LONDON (AP) As Britain's most powerful Sunday newspaper crashes and burns, newsrooms across London are feeling the heat.
Media watchers and former journalists say the practices that felled the News of the World were common across the industry in Britain. With 200 tabloid journalists out of work, two people sentenced to jail, and a former editor-in-chief under arrest, those behind the headlines are wondering whether they'll soon be in them.
``It's a warning for Fleet Street,'' public relations guru Max Clifford said Friday, using the nickname for the national newspaper industry. ``A lot of journalists were up to similar things for many, many years.''
Clifford should know. Besides being one of the nation's best-connected media operators, he was also among the tabloid phone hacking scandal's most prominent victims.
It was his hefty settlement with the News of the World a reported $1.6 million (1 million pounds) that whet other lawyers' appetites for suing the paper over the practice. That litigation turned up revelations so damaging they proved fatal.

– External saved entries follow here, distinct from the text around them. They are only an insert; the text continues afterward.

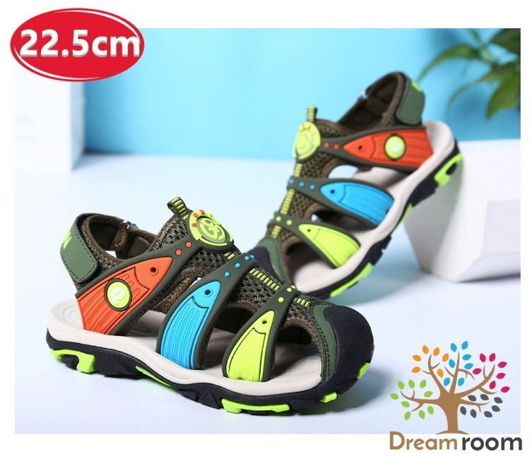 1スタ☆Rainbow クッションサンダル 【グリーンライン 22.5cm】 マリン 海 川 キッズ シューズ ビーチサンダル 子供用 男女
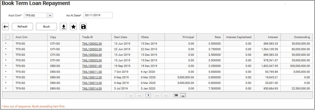 9. If you see an asterisk (*) in front of the Acct Cntr field, it signifies that the trades having a preceding item not booked in the Repayment Schedule. You need to book the preceding item before you are allowed to book this.
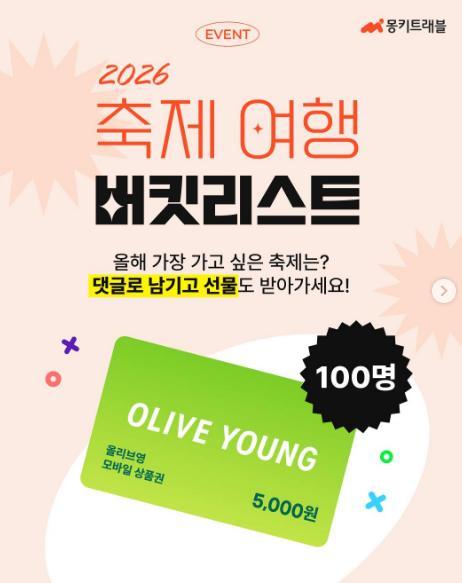 [몽키트래블] 축제 여행 버킷리스트 댓글 경품이벤트!! 100
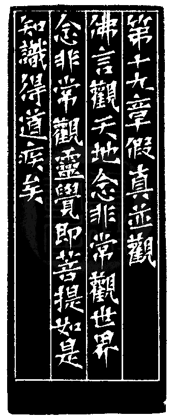 黃嘗銘.四十五歲/刻〔假真並觀〕正方白文印。邊款為【第十九章假真並觀。佛言:觀天地,念非常。觀世界,念非常。觀靈覺,即菩提。如是知識,得道疾矣!】
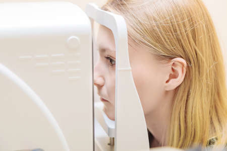 A young girl at the reception at the ophthalmologist checks her eyesight on a special apparatus. close-up.
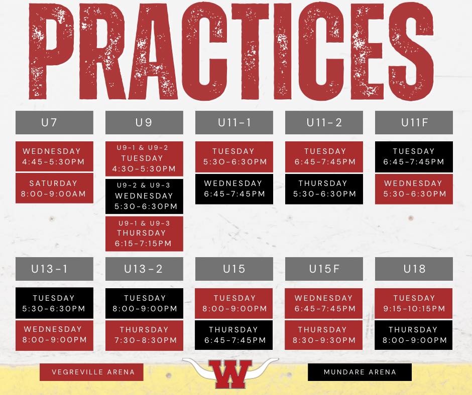 2025/26 practice schedules
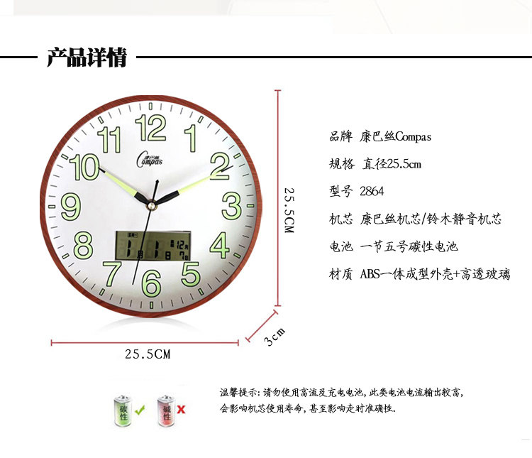 康巴丝静音客厅挂钟万年历创意时尚 简约家用卧室现代电子日历钟表
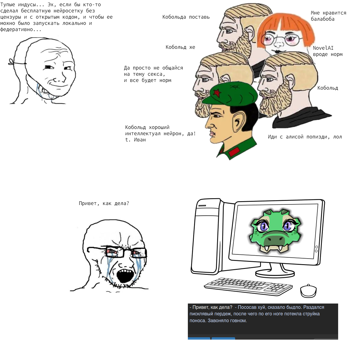 >>1306111 >Все нейросети её знают Лоботомиты "знают" только выжимку которая представляет собой концентрат из фанфиков. А теперь догадайся какое качество у 95% этих фанфиков.
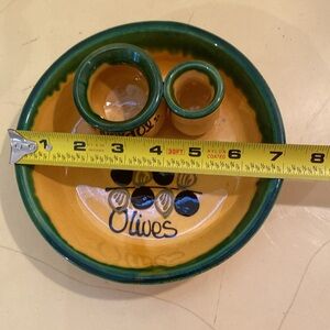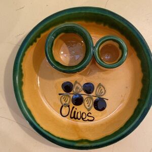 Vintage Hand Painted Ceramic Olive Dish w/Pitter & Toothpick Holder 7” Wide. Olive Green & Yellow.
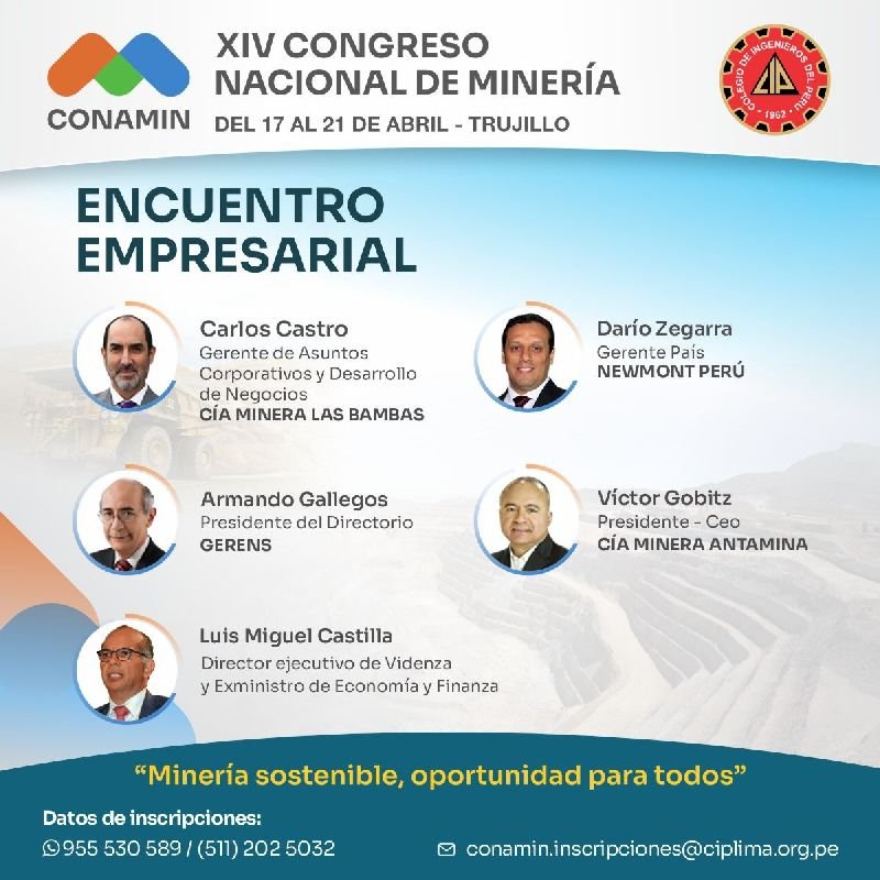 Antes de la clausura del Congreso Nacional de Minería – CONAMIN 2023, el 21 de abril se celebrará el Encuentro Empresarial, evento en el que comparten los ejecutivos de alto nivel de las compañías mineras más importantes, así como especialistas y personalidades del sector. El espacio tiene por objetivo debatir y reflexionar sobre el “desarrollo territorial y los proyectos mineros”.

Newsrooms across the country are waiting to see if their publication could be next. Prime Minister David Cameron hinted more heads would roll, saying at a hastily called news conference that there had been ``some illegal and utterly unacceptable practices at the News of the World and possibly elsewhere.''
Within hours, Scotland Yard was at the central London offices of the Daily Star Sunday a downmarket tabloid with a circulation of about 300,000. They walked away with a disc full of computer material relating to Clive Goodman, the former News of the World journalist who served a jail term in 2007 for hacking into the phones of royal aides, setting the scandal in motion.
Goodman was arrested again Friday, this time over allegations he bribed police for scoops. Former News of the World Editor and Downing Street insider Andy Coulson was also taken into custody. Both were released on bail.
The Daily Star Sunday said in a statement that it had never carried ``any story that might have stemmed from phone hacking.''
But the cloud of suspicion hangs heavily over many tabloids.
Fleet Street reporters have long been known for stopping at almost nothing to score a scoop, whether it be rooting through trash cans, fast-talking their way past police or handing out checks for hard-to-get interviews.
In one celebrated case, the Daily Mirror once edited by CNN star Piers Morgan sent a reporter undercover to work at Buckingham Palace.
In another, News of the World reporter Mazhar Mahmood, posing as a Middle Eastern potentate dubbed the ``Fake Sheik,'' tricked scores of prominent figures, including sports stars and royalty, into embarrassing indiscretions.
These included getting Princess Michael of Kent to vent some sensational opinions, including an assertion in 2005 that Princess Diana was ``bitter'' and ``nasty.'' In 2001, the Fake Sheik drew indiscreet comments from Sophie, Duchess of Wessex, the wife of Prince Edward, that ended her public relations career.
Some of these methods raised ethical concerns; others were unambiguously illegal. One particularly well-worn weapon in the tabloid arsenal was payoffs for confidential personal information, often obtained from shady private detectives like Glenn Mulcaire, Goodman's partner in the phone-hacking campaign who also served jail time.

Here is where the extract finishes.